Description
Mongolian beef is a popular Chinese-American dish. It features tender slices of beef in a rich, savory, and slightly sweet sauce. It is often served with rice.
Ingredients
Scale
- 1 pound flank steak, thinly sliced against the grain
- 1/4 cup cornstarch
- 1 tablespoon vegetable oil
- 1/2 cup soy sauce
- 1/2 cup water
- 1/4 cup brown sugar
- 2 tablespoons rice vinegar
- 1 tablespoon grated fresh ginger
- 2 cloves garlic, minced
- 1/2 teaspoon red pepper flakes (optional)
- 2 green onions, sliced (for garnish)
Instructions
- In a medium bowl, toss the sliced flank steak with cornstarch until evenly coated.
- Heat vegetable oil in a large skillet or wok over medium-high heat.
- Add the beef in a single layer and cook for 2-3 minutes per side, until browned and cooked through. Remove the beef from the skillet and set aside.
- In the same skillet, add soy sauce, water, brown sugar, rice vinegar, ginger, garlic, and red pepper flakes (if using). Bring the sauce to a simmer, stirring until the sugar dissolves.
- Return the cooked beef to the skillet and toss to coat with the sauce.
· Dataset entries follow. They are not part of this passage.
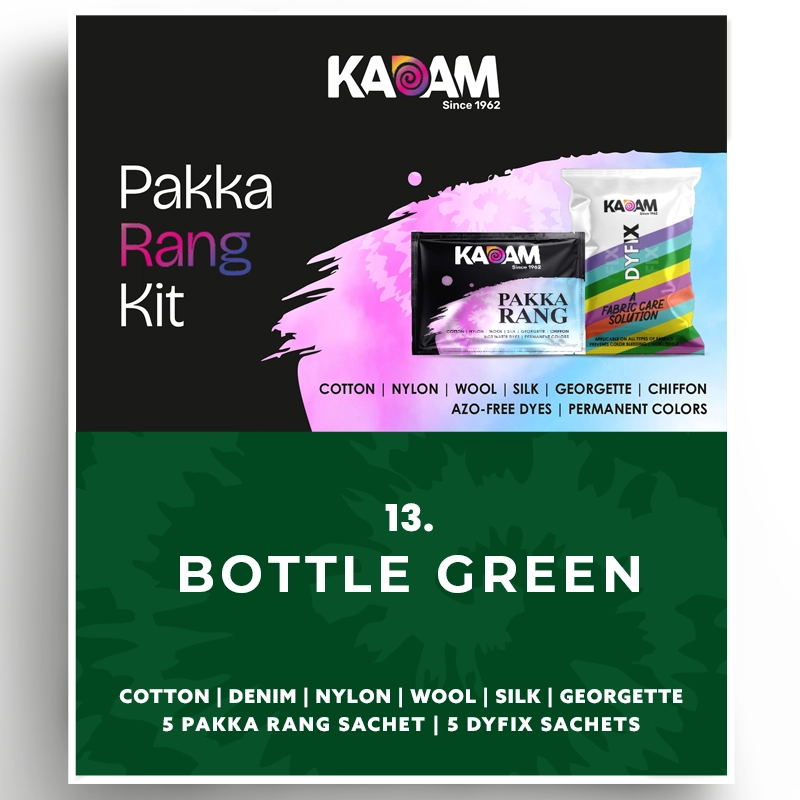 Kadam Pakka Rang Kit in Bottle Green, deep forest shade ideal for rich fabric dyeing; azo-free, permanent, 25g sachet.
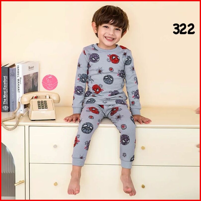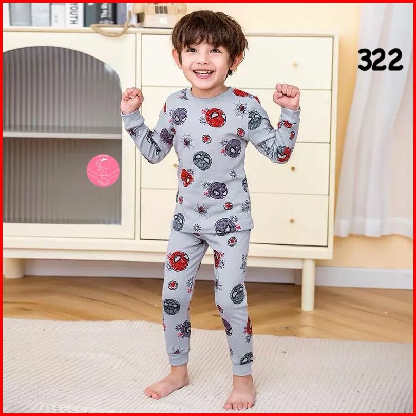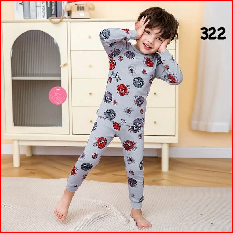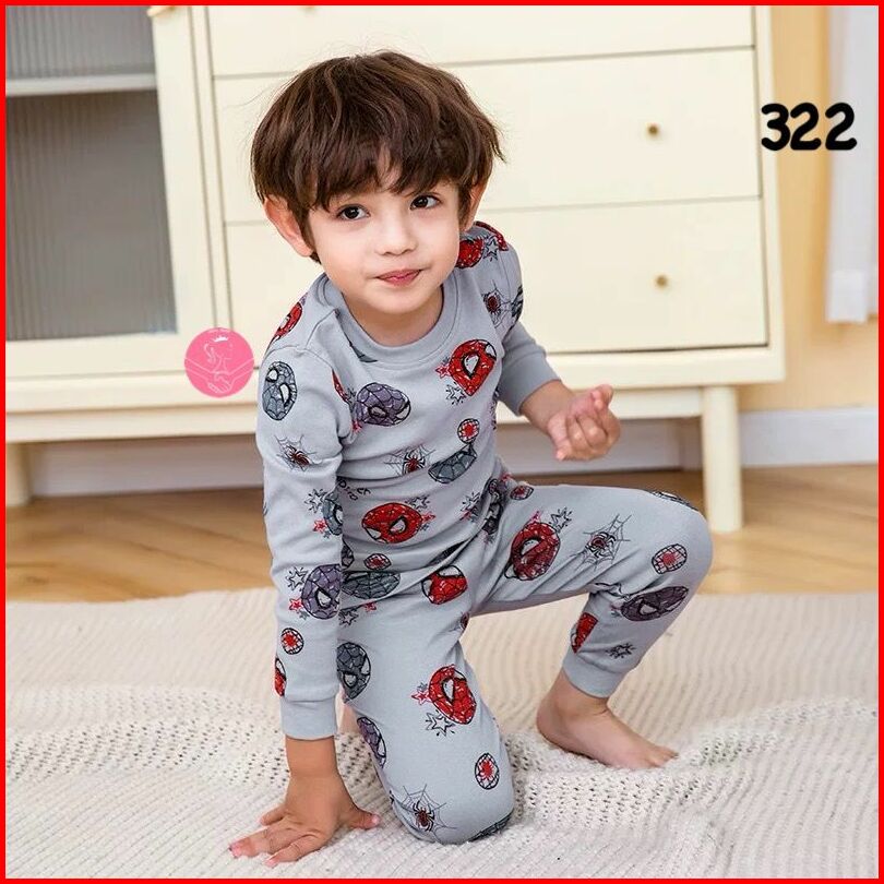 Dealshop Baju Tidur Anak Untuk 1-10 Tahun Setelan Anak Laki Laki Stelan Anak Cowok Set Piyama Motif Spiderman Abu 322
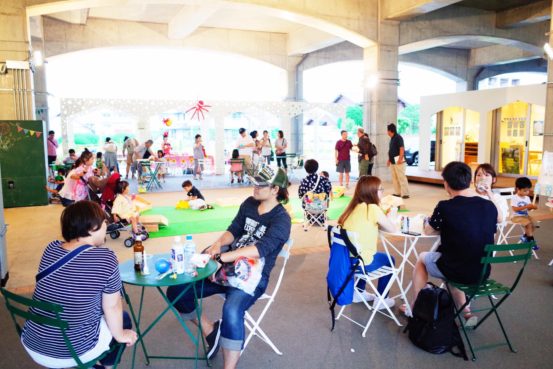 高架下のくらす広場は、通常平日の10時〜17時にオープンしています。日常の使われ方は?と聞くと、子ども連れのママさんが談笑したり、人工芝の上で子供が本を読んだり、ひなたぼっこしながら遊んだりしているそう。開講している講座をきっかけにやってくる人もいます。くらすクラスに専任スタッフはいないそうですが、場の運営はどうしているのでしょうか。

Cook for 1-2 minutes, allowing the sauce to thicken slightly.
- Garnish with sliced green onions and serve immediately with rice.
Notes
- For extra tender beef, marinate the steak in a little soy sauce and baking soda for 30 minutes before coating with cornstarch.
- Adjust the red pepper flakes to your preferred level of spice.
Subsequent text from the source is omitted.